Description
A boy named Ayrat lives on planet AMI-1511. Each inhabitant of this planet has a talent. Specifically, Ayrat loves running, moreover, just running is not enough for him. He is dreaming of making running a real art.
First, he wants to construct the running track with coating t. On planet AMI-1511 the coating of the track is the sequence of colored blocks, where each block is denoted as the small English letter. Therefore, every coating can be treated as a string.
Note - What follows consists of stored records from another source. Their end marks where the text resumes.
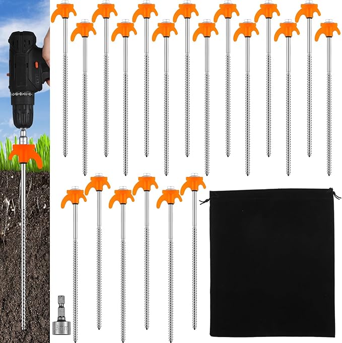• Strong and Secure: our metal stakes offer enough strength under windy conditions and are suitable for use in dirt, grass, soils and sand; Pointed items are included, it is recommended to wear tool gloves to avoid injury when using, and please keep it away from kids; Tips: not suitable for soil with solid rocks or heavy roots, as this may cause damage to the anchor or overload of the cordless drill
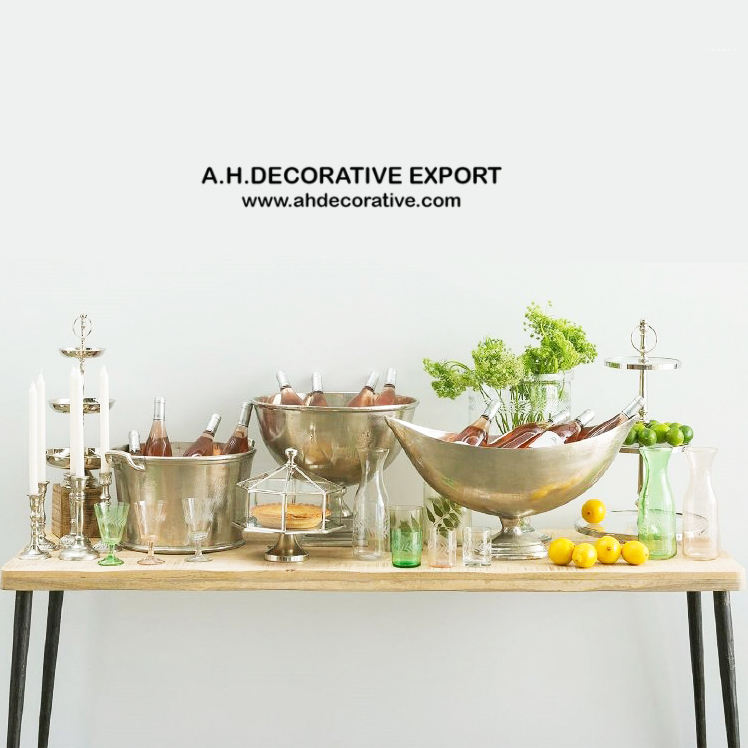 Silver Plated Curved Shape Champagne & Wine Ice Bucket Bowl Ice Cubes Cooling Bowl for Bar ware Vintage Looked Wine Bucket
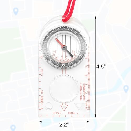 BlingKingdom Multifunctional Waterproof Navigation Compass Map Ruler Magnifier for Explorer Mountain climbing Map Studying and Navigation with Adjustable Lanyard
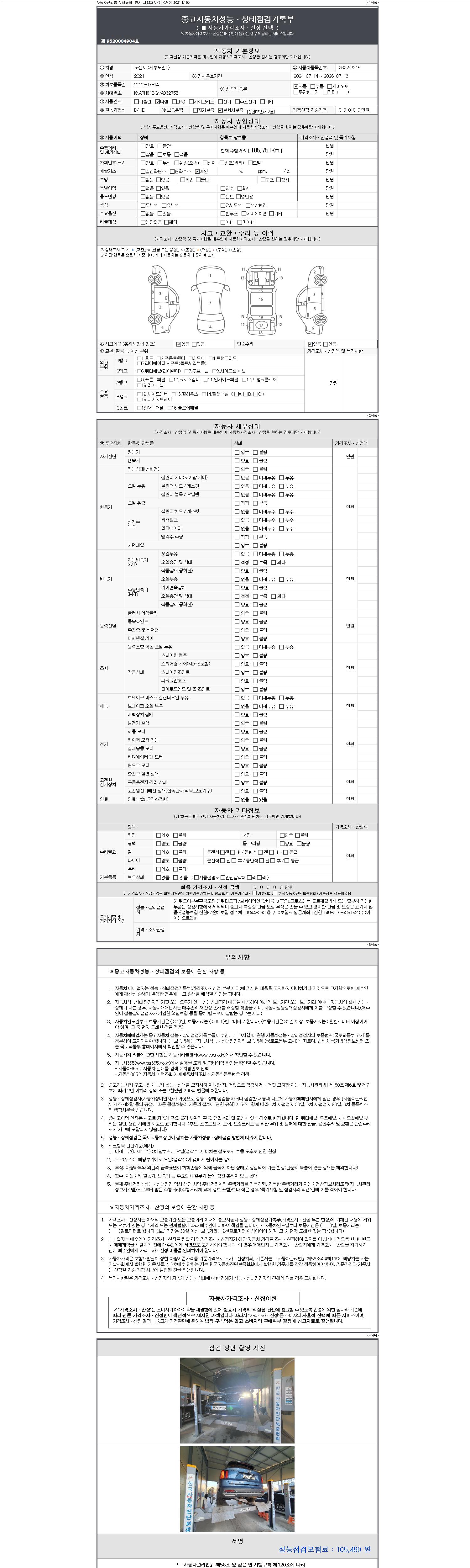 | 주행거리 | 105,751 km | 차량번호 | 262거2315 | 사고유무 | 성능기록부 참조 | 제시번호 | 제 2147483647 호 |

Unfortunately, blocks aren't freely sold to non-business customers, but Ayrat found an infinite number of coatings s. Also, he has scissors and glue. Ayrat is going to buy some coatings s, then cut out from each of them exactly one continuous piece (substring) and glue it to the end of his track coating. Moreover, he may choose to flip this block before glueing it. Ayrat want's to know the minimum number of coating s he needs to buy in order to get the coating t for his running track. Of course, he also want's to know some way to achieve the answer.
Input
First line of the input contains the string s — the coating that is present in the shop. Second line contains the string t — the coating Ayrat wants to obtain. Both strings are non-empty, consist of only small English letters and their length doesn't exceed 2100.
Output
The first line should contain the minimum needed number of coatings n or -1 if it's impossible to create the desired coating.
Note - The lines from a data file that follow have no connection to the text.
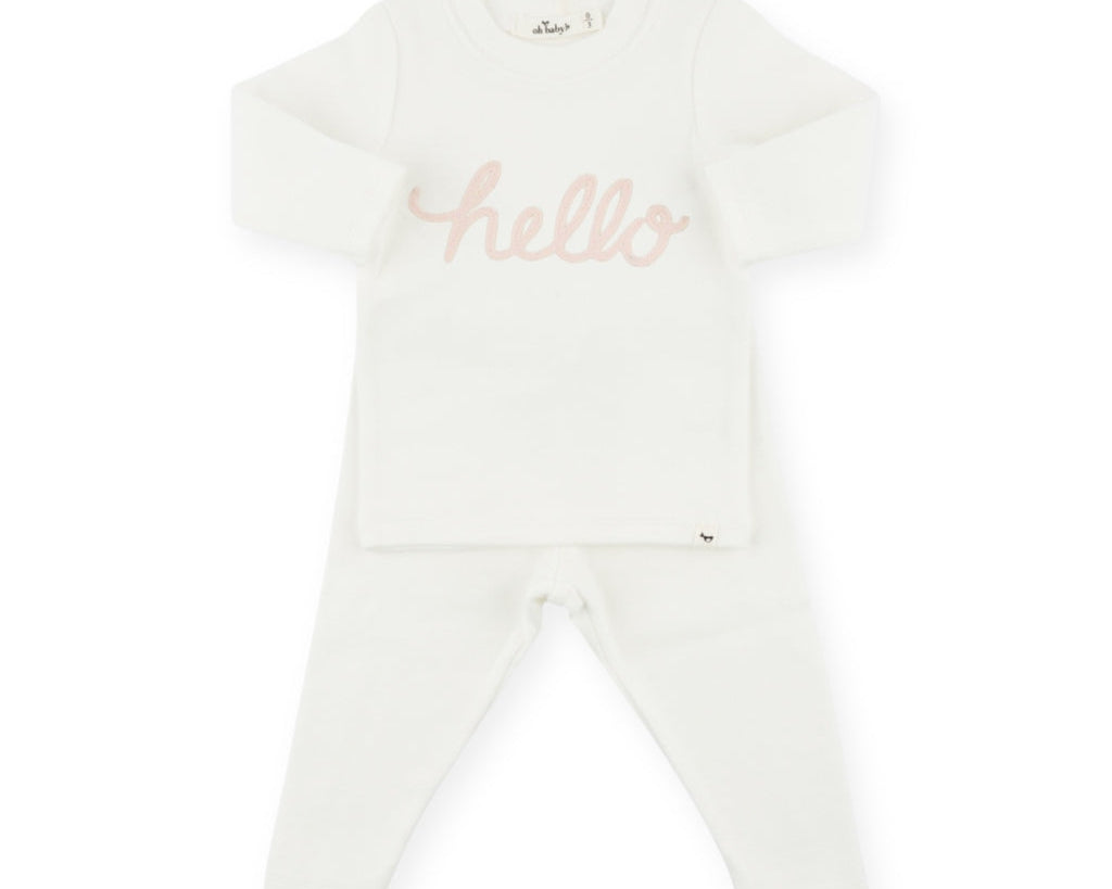 Oh Baby! "hello" 2 pc Set (Pale Pink on Cream)
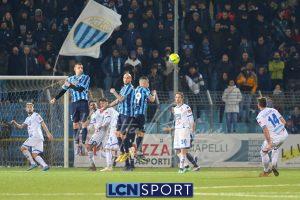 Prima occasione del Novara al 21′ con una palla dentro per Galuppini che di testa non crea grandi pericoli, Melgrati di pugno allontana. Conclusione di Vuthaj con il mancino alla mezzora, molto lontana dal palo. Al 32′ Zuccon dal limite dell’area, tutto solo, scarica un destro violento ma altissimo.
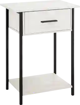 Elevate the style in your living room with the Rankiny light oak end table. The sleek design features a washed oak laminate finish and black metal legs, adding a contemporary touch to your space. The practical shelf at the bottom and convenient storage drawer with a metal pull provide ample space for your essentials, while the space saving design makes it perfect for small spaces. This table is durably designed with quality materials and easy to assemble with illustrated instructions included. Place a lamp, decorative item or books on the easy to clean laminate top for an end table that not only has fashionable style but also functional. Customer assembly is required.

If the answer is not -1, then the following n lines should contain two integers xi and yi — numbers of ending blocks in the corresponding piece. If xi ≤ yi then this piece is used in the regular order, and if xi > yi piece is used in the reversed order. Print the pieces in the order they should be glued to get the string t.
Sample Input
abc cbaabc
2 3 1 1 3
aaabrytaaa ayrat
3 1 1 6 5 8 7
ami no
-1
Hint
In the first sample string "cbaabc" = "cba" + "abc".
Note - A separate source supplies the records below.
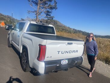 - Deanne and the 2022 Toyota Tundra at the top of the mountains before we headed down into Reno, Nevada, on our way home on our extended adventure with the Tundra.
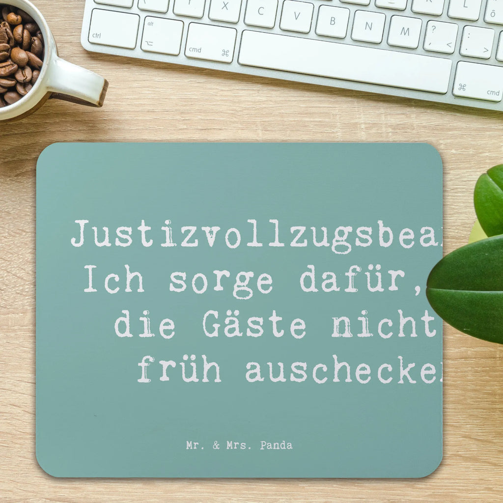 Wenn Du auf der Suche nach einem einzigartigen und praktischen Geschenk für einen Justizvollzugsbeamten bist, dann ist das Mauspad "Justizvollzugsbeamter: Ich sorge dafür, dass die Gäste nicht zu früh auschecken!" von Mr. & Mrs. Panda genau das Richtige! Dieses liebevoll gestaltete Mauspad aus der Kollektion "Berufe" ist nicht nur ein echter Hingucker, sondern auch äußerst funktional. Es bringt ein wenig Humor in den Arbeitsalltag und macht jede Schreibtischarbeit noch angenehmer.
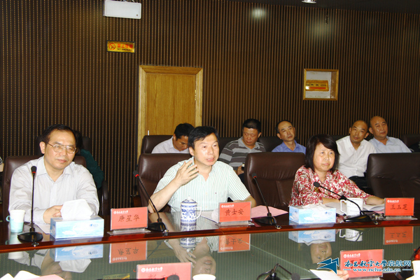 黄士安在情况汇报中谈到了近年来学校校务公开民主管理的实践历程。他指出,学校一贯重视校务公开工作,经历了初步试点、全面推进、深化完善、巩固提高四个阶段,逐步形成了校务公开工作机制,迈入了制度化、程序化、规范化的轨道。近年来,学校获得了“全国厂务公开民主管理先进单位”和“江西省厂务公开民主管理先进单位”等称号,成为中纪委党务校务公开联系点单位。

In the second sample: "ayrat" = "a" + "yr" + "at".
題目意思可以直接從數據看出來。
這道題其實只需要暴力匹配+貪心就好了,每次匹配最長的子串,因爲是連續子串,
如果長度長的子串能匹配到,那麼短的肯定也能匹配到,所以我這裏使用了kmp匹配。
#include <stdio.h>
#include <string.h>
#define DBUG printf ( "Here!\n" )
const int maxn = 2105;
char str[maxn], ch[maxn], temp[maxn];
int next[maxn], ans[maxn][2], l, r;
void reverse ( char * str )
{
for ( int i = 0, j = strlen ( str )-1; i < j; i ++, j -- )
{
char ch = str[i];
str[i] = str[j];
str[j] = ch;
}
}
void get_next ( char * ch )
{
int i, j, len = strlen ( ch );
next[0] = i = -1, j = 0;
while ( j < len )
{
if ( i == -1 || ch[i] == ch[j] )
{
i ++;
j ++;
if ( ch[i] == ch[j] )
next[j] = next[i];
else
next[j] = i;
}
else
i = next[i];
}
}
template < class T >
void swap ( T & a, T & b )
{
T t = a;
a = b;
b = t;
}
void print ( int n )
{
for ( int i = 0; i < n; i ++ )
printf ( "%d ", next[i] );
printf ( "\n" );
}
int kmp ( char * str, char * ch ) //kmp
{
int ls = strlen ( str ), lc = strlen ( ch );
if ( ls < lc )
return 0;
get_next ( ch );
int i, j, tl, tr;
tl = tr = i = j = 0;
//print ( lc );
while ( i < ls && j < lc )
{
if (j == -1 || str[i] == ch[j] )
{
tr = i;
i ++;
j ++;
}
else
{
j = next[j];
if ( j == -1 )
tl = i+1;
else
{
tl = tr-j+1; //在右邊左移了j-1位
}
}
}
if ( j >= lc )
{
//printf ( "%s %d %d\n", ch, tl, tr );
l = tl;
r = tr;
return 1;
}
return 0;
}
int main ( )
{
scanf ( "%s%s", str, ch );
int pos = 0, ls = strlen ( str ), lc = strlen ( ch );
int cnt = 0;
while ( pos < lc )
{
int i, tag = 0, res;
for ( i = 1; pos+i <= lc; i ++ ) //無法匹配的時候退出
{
int ok = 0;
for ( int j = pos; j < pos+i; j ++ )
temp[j-pos] = ch[j];
temp[i] = '\0';
if ( kmp ( str, temp ) ) tag = ok = 1, res = 0;
if ( ok )
continue ;
reverse ( temp ); //反轉
//puts ( temp );
if ( kmp ( str, temp ) ) res = tag = ok = 1; //res標記
if ( ! ok )
break ;
}
if ( tag )
{
//printf ( "%d %d\n", l, r );
if ( res )
swap ( l, r );
ans[cnt][0] = l+1;
ans[cnt ++][1] = r+1;
pos = pos+i-1;
}
else //一個字符都無法匹配
break ;
}
if ( pos < lc )
{
printf ( "-1" );
return 0;
}
printf ( "%d\n", cnt );
for ( int i = 0; i < cnt; i ++ )
printf ( "%d %d\n", ans[i][0], ans[i][1] );
return 0;
}
/*
特殊數據:
ababababababababba
abbabbabababba
*/